- Film poster
- Directed by: Mahamat Saleh Haroun
- Starring: Sandrine Bonnaire
- Release dates: 8 September 2017 (TIFF); 7 February 2018 (France);
- Running time: 100 minutes
- Country: France
- Language: French

= A Season in France =

2017 film

A Season in France (Une Saison en France) is a 2017 French drama film directed by Mahamat Saleh Haroun. It was screened in the Special Presentations section at the 2017 Toronto International Film Festival. The film opened the Afrika Filmfestival in Louvain, Belgium in April 2018 and is distributed in the Benelux by Imagine.

==Cast==
- Sandrine Bonnaire as Carole Blaszak
- Eriq Ebouaney as Abbas Mahadjir

==Plot==
The film is set in 2016. Abbas Mahadjir was a French teacher in the Central African Republic. He fled with his family, including his brother, from one of the civil wars that struck his country. He is haunted by the memory of his wife, killed during their flight. He now lives in France [the film is set in the Paris suburbs] with his two young children, Asma and Yacine, who go to school. He works in a fruit and flower market, and skips between borrowed and rented apartments. He meets Carole at the market, a florist of Polish origin with whom he establishes a relationship.

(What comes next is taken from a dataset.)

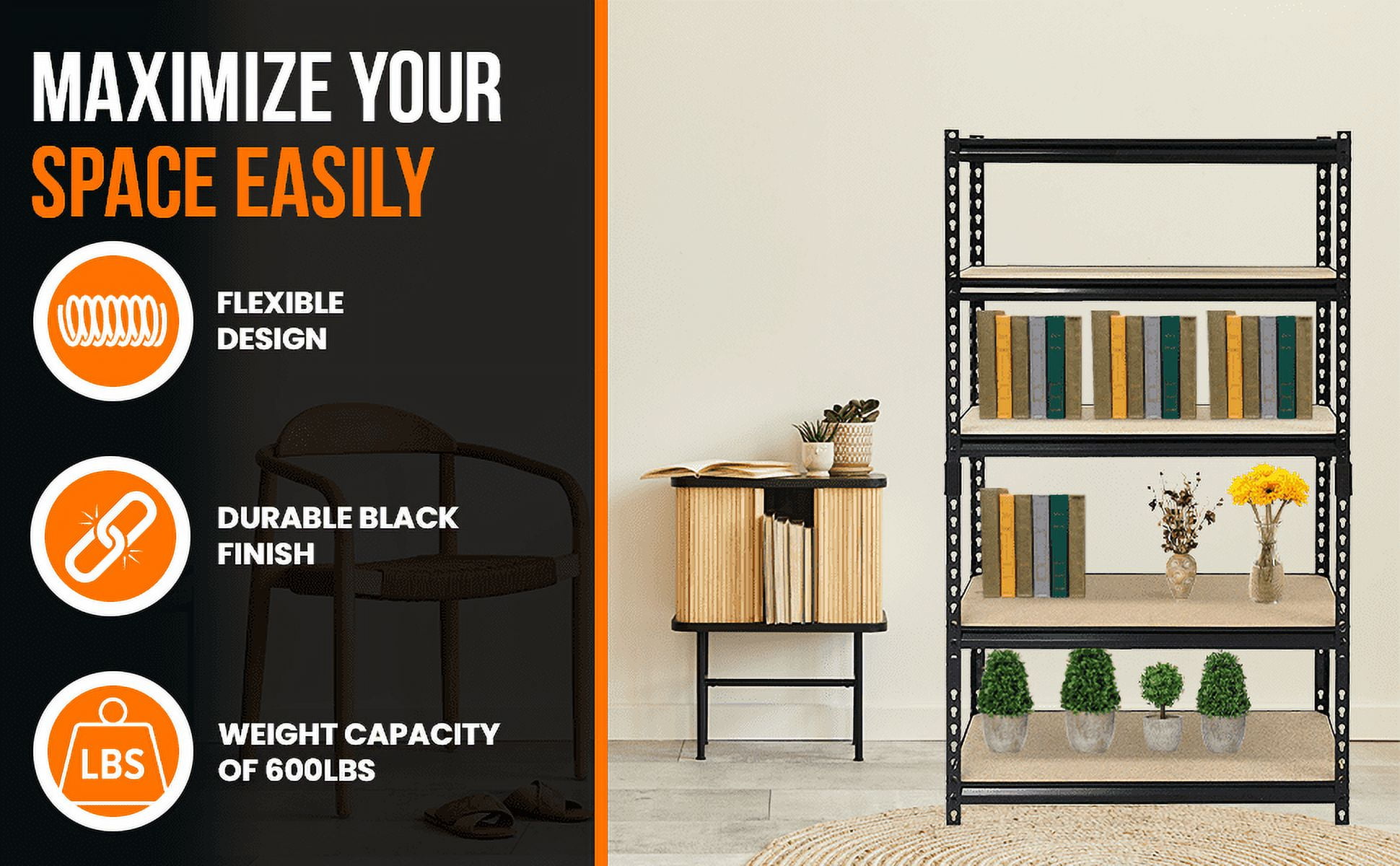 Each Post Has Open Slots Every 1-1/2 Inches Allowing Shelves To Be Adjusted At Different Heights To Accommodate Small To Larger Size Items. 5 Shelves That Provide Ample Storage For Bins, Boxes, Tools, Food Containers And More Steel Beams And Shelves With Particleboard decking and a durable black finish Weight Capacity Of 800Lbs. Per Shelf And 4000 Lbs. In Total Quick and easy to assemble, our innovative bolt-less assembly system makes it easy for you to snap the racks safely together with no bolts or screws required. This standalone shelf is ideal for laundry rooms, garages, basements, pantries, warehouses, or any cluttered home or office space Can be assembled as workbench Adult assembly required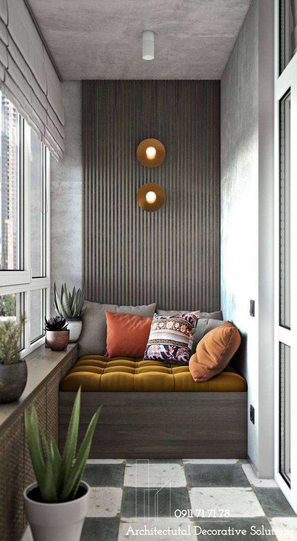 Ban công nhỏ có mái che trở thành một góc thư giãn, đọc sách vô cùng lý tưởng và thư thái.

When his asylum application is rejected by OFPRA (Office français de protection des réfugiés et apatrides), Abbas initiates an appeal. When this in turn is rejected, he is served with an 'obligation to leave' notice, within 30 days. Now without work and housing, and "sans papiers", Abbas and his children find refuge with Carole. His brother, who had been a philosophy lecturer in the CAR, also has his asylum application rejected, and he self-immolates in the immigration office, later dying from his injuries.

At the end of the statutory 30 days, suffering extreme distress, Abbas does not file an appeal with his last hope, the chairman of the administrative tribunal. When the police summon Carole to the police station and inform her of the penalties incurred for helping foreign over-stayers, he prefers to flee with his children without leaving an address or contact. Carole tries in vain to find any trace of them in the Calais Jungle migrant camp, which had been cleared and dismantled a few hours earlier.

==Reception==
On review aggregator website Rotten Tomatoes, the film holds an approval rating of 92% based on 12 reviews, with an average rating of 6.8/10.